Multi-omics profiling in spinal muscular atrophy (SMA): investigating lipid and metabolic alterations through longitudinal CSF analysis of Nusinersen-treated patients.

Abstract

Spinal muscular atrophy (SMA) is a rare neuromuscular disease caused by biallelic mutations in the SMN1 gene, leading to progressive muscle weakness due to degeneration of the anterior horn cells.

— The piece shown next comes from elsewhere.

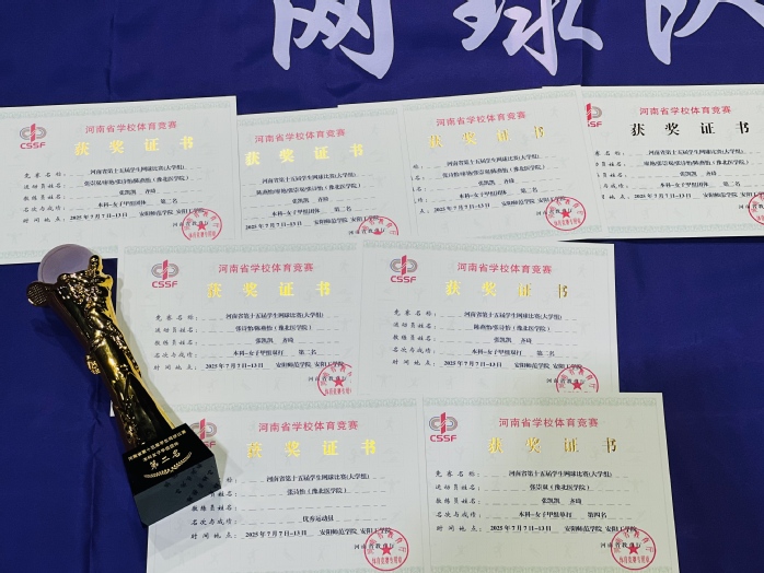 7月13日,河南省第十五届学生网球比赛暨河南省第十八届校长杯网球赛事在安阳圆满落幕。我校网球队凭借卓越表现与顽强拼搏精神,勇夺本科女子甲组团体亚军,并同时斩获女子双打亚军及女子单打第四名的优异成绩。

Since 2017, SMA patients can be treated with the anti-sense oligonucleotide Nusinersen, which promotes alternative splicing of the SMN2 gene, by regular intrathecal injections. In this prospective study, we applied metabolomic, lipidomic, and proteomic analysis to examine sequential CSF samples from 13 SMA patients and controls. This multi-omic approach identified over 800 proteins and 400 small molecules including lipids. Multivariate analysis of multi-omic data successfully discriminated between the CSF derived from SMA patients and control subjects. Lipidomic analysis revealed increased levels of cholesteryl esters and lyso-phospholipids, along with reduced levels of cholesterol and phospholipids in the CSF of SMA patients as compared to healthy controls. These data, combined with results from functional assays, led us to conclude that SMA patients exhibit altered levels and function of high-density-lipoprotein (HDL)-like particles in the CSF. Notably, Nusinersen therapy was observed to reverse disease-specific profile changes toward a physiological state, potentially explicable by restoring HDL function.